Monday, 8 September 2025

More escapism.

 I was always planning to go to the theatre last week, so it was always going to be a special week.  I was also planning to go and see Cat Stevens so a doubly exciting week, and one with the slight challenge of accomodating the energy for both, but when a friend offered me her unused ticket to see Cabaret, I just could not refuse even though it meant more trips into London and more energy.  So one way or another it has been a brilliant week, some balm, but balm with a warning. 

Opening set, Goodnight Oscar, staring Sean Hayes. 


The production of Cabaret, the first time I have seen the actual original stage version so to speak, was out there. Even now the dancers of the Kit Kat club can shock.  And nestled inside are two stories, that of Sally Bowles and the Christopher Isherwood character and that of their landlord and her elderly Jewish lover.  It was the latter story that especially surprised as I could not remember that from the film.  And of course it is in telling their story that there changes coming to Weimar Germany are most implied.   With Farage and racism rampant in parts of the UK the warning of what can happen to a people is clear, but just as, in fact of course even more shocking is what is happening in Gaza.  Hate teaches hate, teaches hate.    I was there on my own, which I often am, but to my delight bumped into someone I know.  So it was nice to be able to share the luxury of a seat near the front, relish the dance moves, and yet have a social commentary all at the same time. 

Central Mosque Cambridge

I thought it would be very hard to top the production with the play I was seeing, with my friend from school, but Goodnight Oscar, turned out to be just as brilliant.

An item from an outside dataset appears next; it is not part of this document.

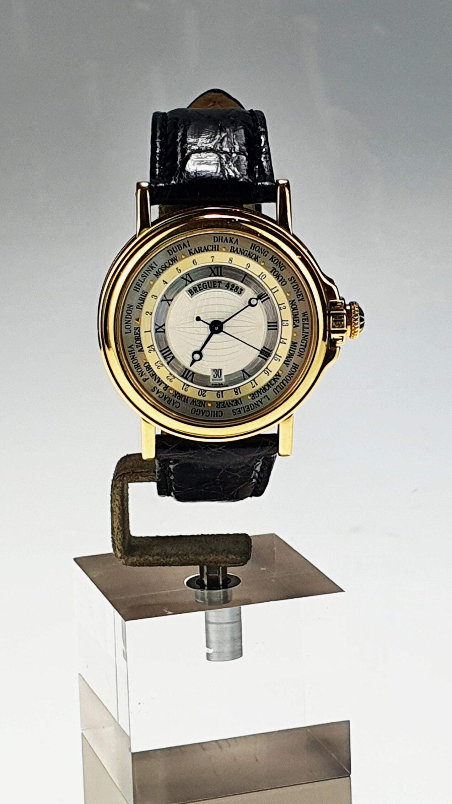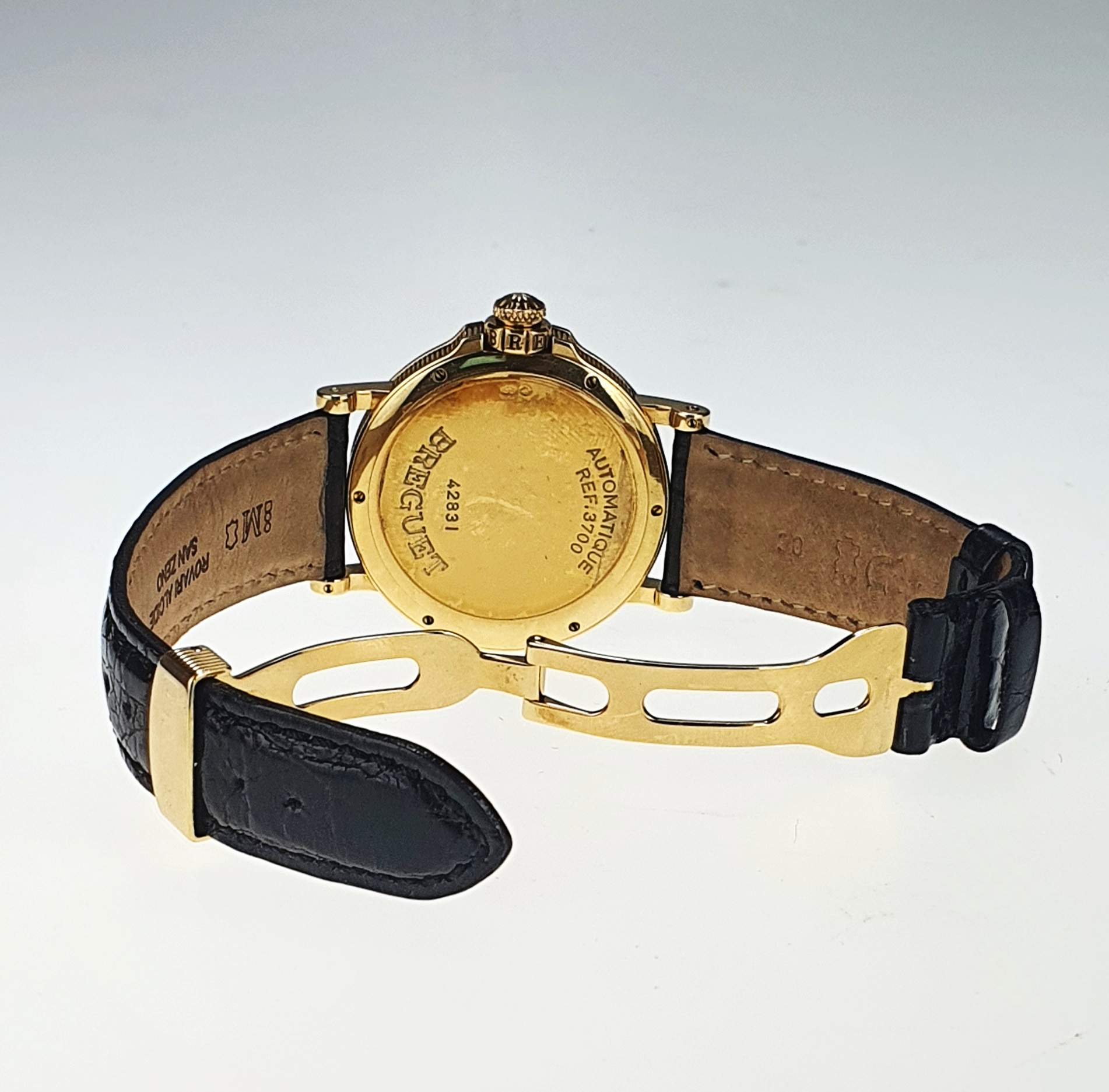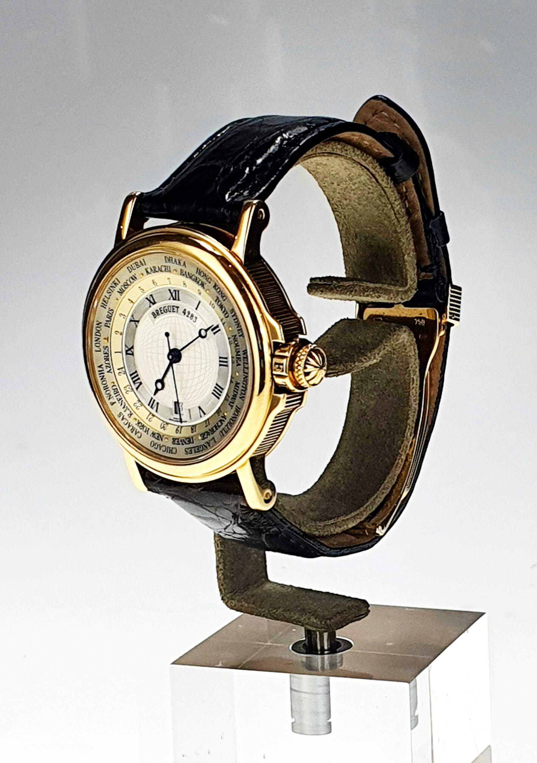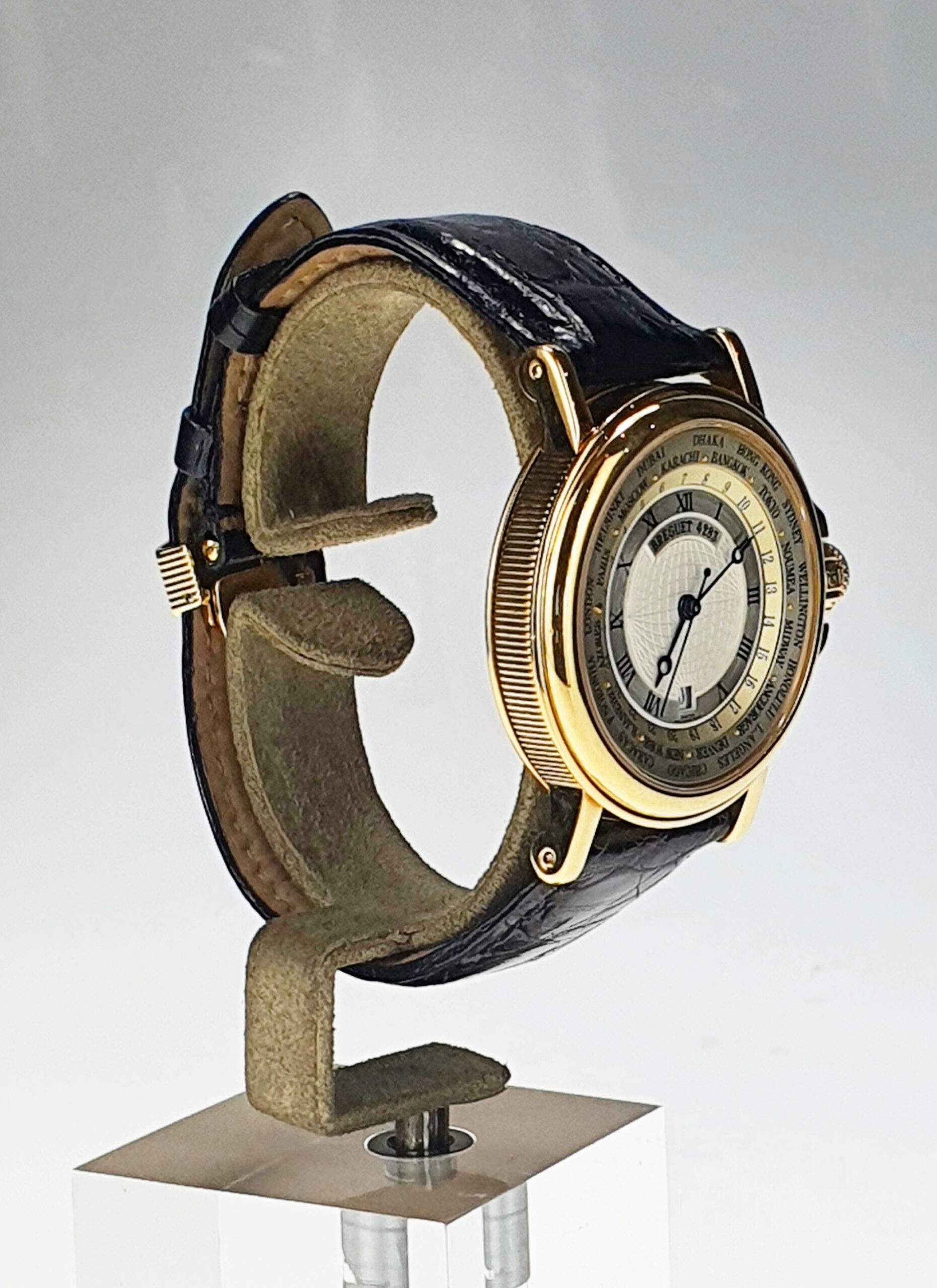 Il Breguet Hora Mundi Marina è un orologio del 2000 in oro giallo con cassa da 38 mm, caratterizzato da una funzione GMT con indicazione delle 24 ore e città del mondo sul quadrante esterno. Presenta un datario a ore 6, quadrante dorato e numeri romani e arabi. Impermeabile fino a 30 metri, è corredato dalla scatola e garanzia originali. Il cinturino in pelle nera ha una chiusura deployante in oro.

I have always liked Oscar Levant,  and it turned out that Jan felt the same, and on the rare occasions I saw Will and Grace, I always enjoyed it, so seeing one of the American stars from that, capture a drug fuelled, psychotic episode on live TV,  morph into a beautiful rendition of Rhapsody in Blue, and back was both funny and very powerful.  Having seen my Grandma Jane sectioned, and given ECT, it also brought up unexpected memories from my childhood and the fear of mental health problems.   When I was at school I felt so much shame, first my Dad had left and also a "mad" grandmother, I hid so much.  But I also always felt relatively safe at schoool, but not safe enough to want to head to the school reunion, not yet a while yet they all seem so sucessful and sure.    And although I felt I had friends at school, I do not even seem to be on their radar, so whilst I would quite like to have some time with some of them, I am not up to meeting up yet.  However, I was very glad to be with a friend to see the production. 



Then I finally got to see Cat Stevens, Yusuf, having missed him twice before.  Compared with the other productions, it could be said to have been a bit lacklustre, he is not the most charismatic story teller, but it is a tale worth hearing, about his lifelong search and his conversion to Islam.   But then there are the songs, which he put into context and sang as beautifully as he did all those years before.  En route, I found a beautiful mosque in Cambridge which Monty Don had visited for one of his TV shows, and I finally got to the National Horse Museum in Newmarket. I am sure that horseracing would be condemned by some of my friends, and having seen a horse put down the one time I actually went to a race,  I would not want to go again, but it was interesting to discover the history of the sport , to see the jockey club, Tattersalls, and of course meet some of the horses that stay in the museum.   I have never seen a horse reduced to sopiness before like a dog being rubbed.  It felt like a real escape to be in the sun, in Suffolk, but the Palace housing the art works, had been partly destroyed under Cromwell, so even this halcyon scene revealed the complexities of history.